━━━━━ RECORDED DATA

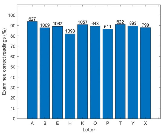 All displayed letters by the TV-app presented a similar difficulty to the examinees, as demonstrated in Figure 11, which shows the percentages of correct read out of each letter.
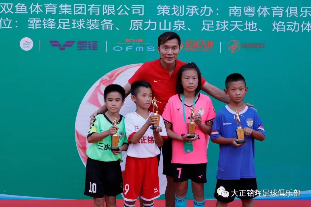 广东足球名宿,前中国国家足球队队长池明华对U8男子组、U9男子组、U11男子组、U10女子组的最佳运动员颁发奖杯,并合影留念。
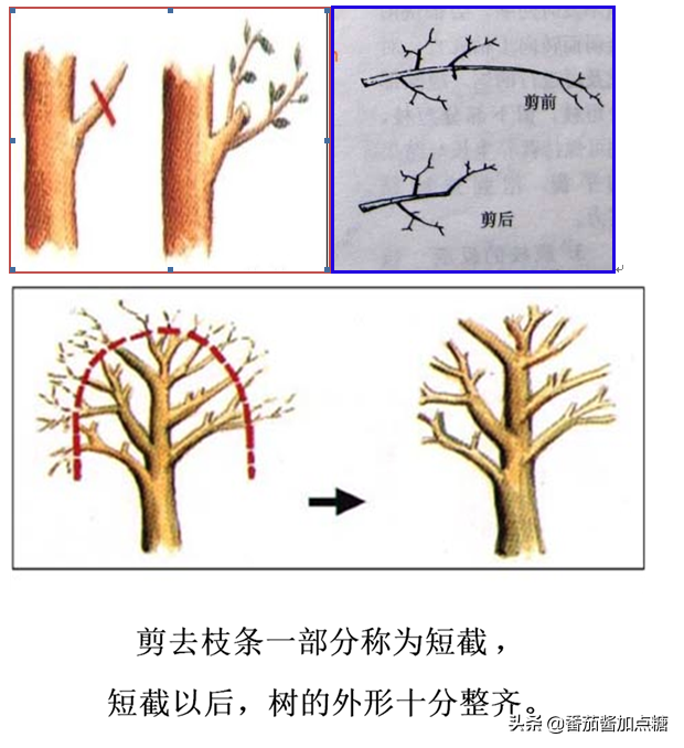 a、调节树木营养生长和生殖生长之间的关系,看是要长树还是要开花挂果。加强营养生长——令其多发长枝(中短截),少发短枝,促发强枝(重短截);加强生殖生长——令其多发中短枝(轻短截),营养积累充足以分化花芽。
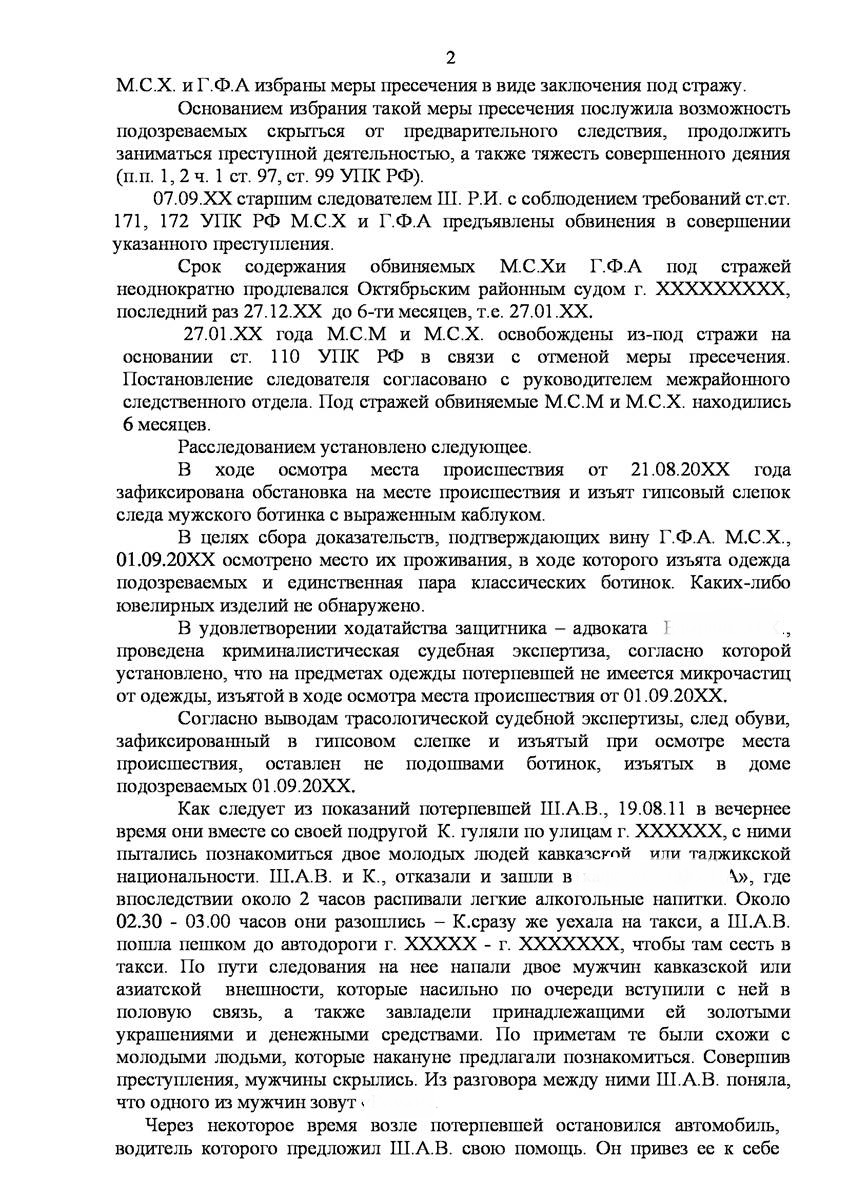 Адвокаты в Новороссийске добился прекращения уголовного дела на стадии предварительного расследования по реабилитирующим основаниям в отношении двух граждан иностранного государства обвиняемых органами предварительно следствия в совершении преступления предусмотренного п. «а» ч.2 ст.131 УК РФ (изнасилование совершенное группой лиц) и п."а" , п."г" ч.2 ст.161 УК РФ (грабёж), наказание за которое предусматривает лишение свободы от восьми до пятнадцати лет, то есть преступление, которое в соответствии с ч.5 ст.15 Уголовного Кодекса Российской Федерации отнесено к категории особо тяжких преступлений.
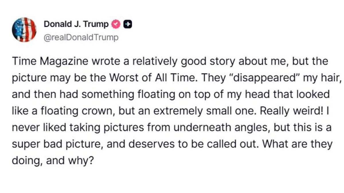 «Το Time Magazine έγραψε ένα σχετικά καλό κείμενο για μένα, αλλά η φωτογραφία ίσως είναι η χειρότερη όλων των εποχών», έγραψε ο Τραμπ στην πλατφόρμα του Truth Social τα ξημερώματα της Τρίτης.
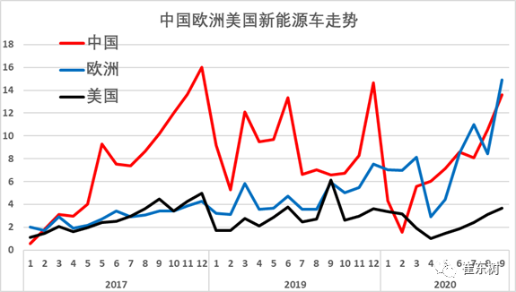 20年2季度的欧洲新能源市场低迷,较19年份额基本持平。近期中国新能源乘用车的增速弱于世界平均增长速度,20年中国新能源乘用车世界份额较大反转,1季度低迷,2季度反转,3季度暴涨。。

━━━━━━━━━━
━━━━━ RECORDED DATA

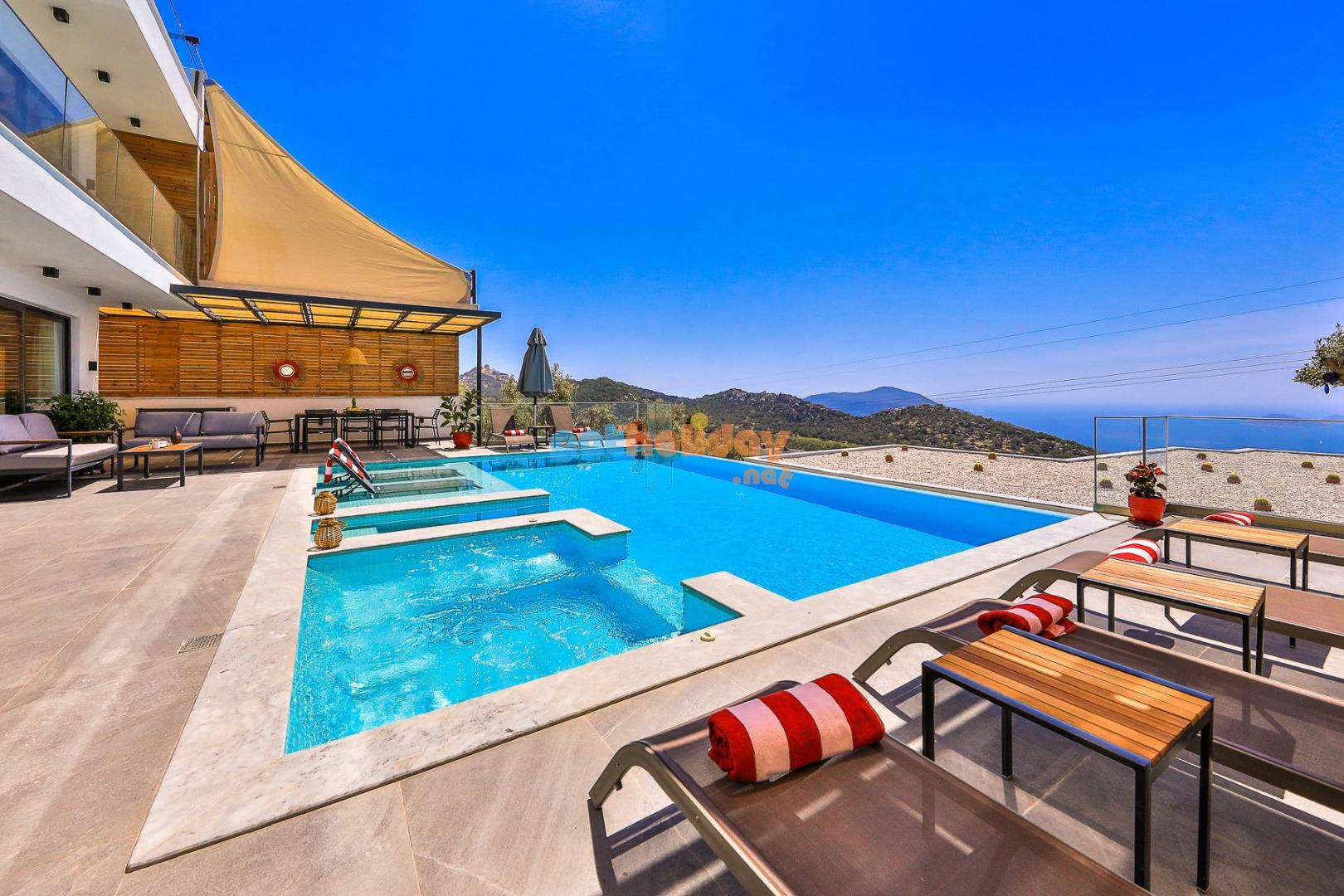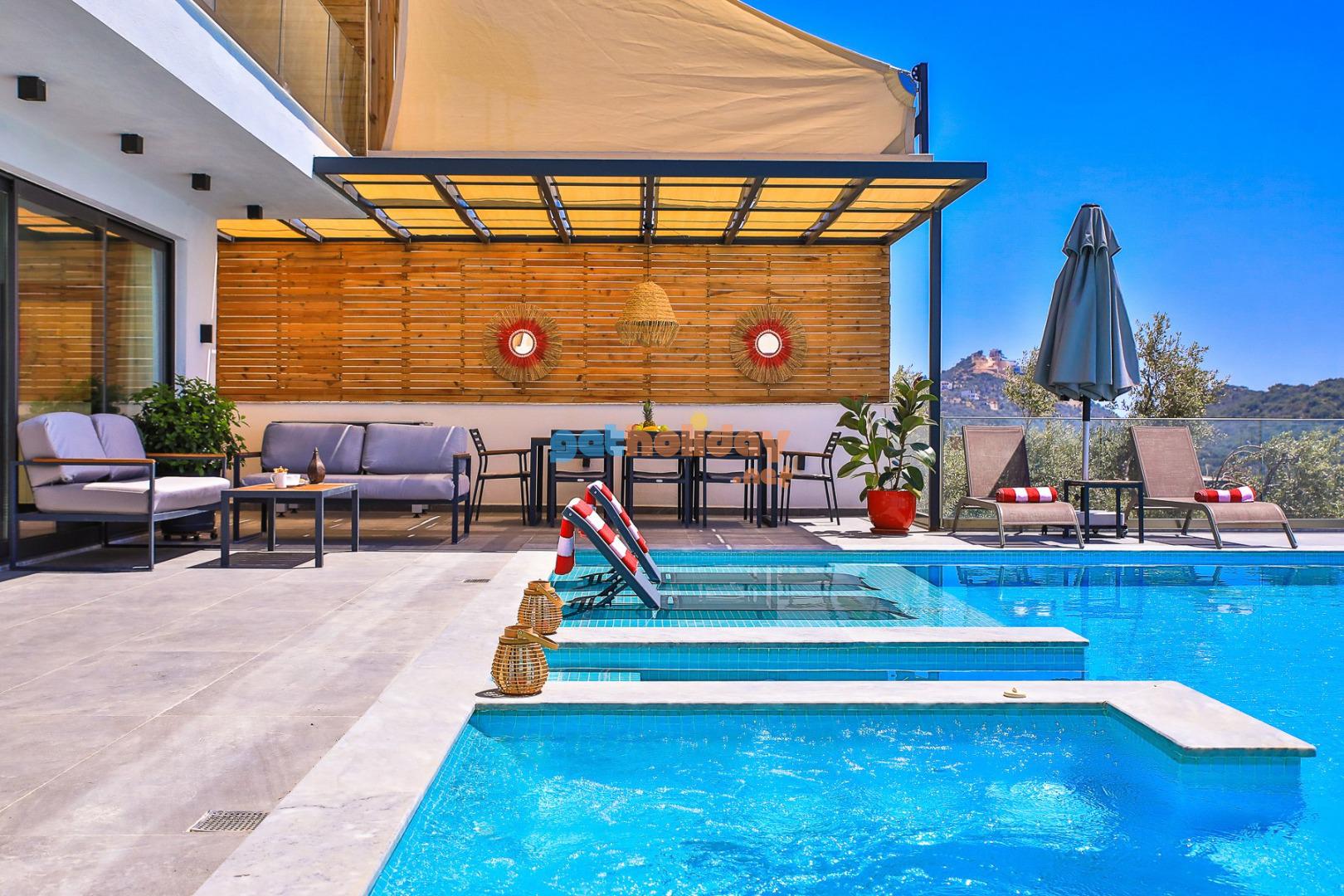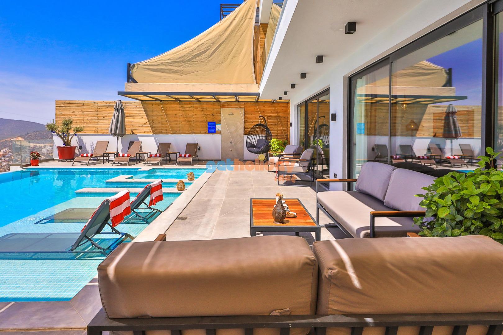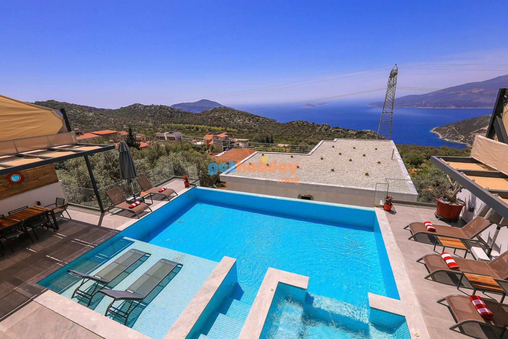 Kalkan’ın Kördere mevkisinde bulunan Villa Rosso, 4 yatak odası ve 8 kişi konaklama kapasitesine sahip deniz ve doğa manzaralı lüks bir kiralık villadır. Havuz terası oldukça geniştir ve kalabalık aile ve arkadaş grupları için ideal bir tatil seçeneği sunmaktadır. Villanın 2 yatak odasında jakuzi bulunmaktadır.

━━━━━━━━━━
━━━━━ RECORDED DATA

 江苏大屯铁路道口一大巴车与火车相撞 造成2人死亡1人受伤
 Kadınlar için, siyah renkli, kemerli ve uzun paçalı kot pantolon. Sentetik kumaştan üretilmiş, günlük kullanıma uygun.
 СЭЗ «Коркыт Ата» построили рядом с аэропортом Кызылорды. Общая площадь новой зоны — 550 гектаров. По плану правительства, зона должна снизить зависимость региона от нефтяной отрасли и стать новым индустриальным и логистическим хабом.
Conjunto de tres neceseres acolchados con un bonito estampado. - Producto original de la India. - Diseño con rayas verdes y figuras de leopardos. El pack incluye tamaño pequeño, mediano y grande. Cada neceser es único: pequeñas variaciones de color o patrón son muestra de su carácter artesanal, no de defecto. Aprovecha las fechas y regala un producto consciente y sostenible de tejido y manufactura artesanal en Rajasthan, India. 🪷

━━━━━━━━━━

From the records above, write out exactly the lines that begin at the line with "All displayed letters" and end at the line with "Адвокаты в Новороссийске". Pictures must not appear in the output.

 All displayed letters by the TV-app presented a similar difficulty to the examinees, as demonstrated in Figure 11, which shows the percentages of correct read out of each letter.
 广东足球名宿,前中国国家足球队队长池明华对U8男子组、U9男子组、U11男子组、U10女子组的最佳运动员颁发奖杯,并合影留念。
 a、调节树木营养生长和生殖生长之间的关系,看是要长树还是要开花挂果。加强营养生长——令其多发长枝(中短截),少发短枝,促发强枝(重短截);加强生殖生长——令其多发中短枝(轻短截),营养积累充足以分化花芽。
 Адвокаты в Новороссийске добился прекращения уголовного дела на стадии предварительного расследования по реабилитирующим основаниям в отношении двух граждан иностранного государства обвиняемых органами предварительно следствия в совершении преступления предусмотренного п. «а» ч.2 ст.131 УК РФ (изнасилование совершенное группой лиц) и п."а" , п."г" ч.2 ст.161 УК РФ (грабёж), наказание за которое предусматривает лишение свободы от восьми до пятнадцати лет, то есть преступление, которое в соответствии с ч.5 ст.15 Уголовного Кодекса Российской Федерации отнесено к категории особо тяжких преступлений.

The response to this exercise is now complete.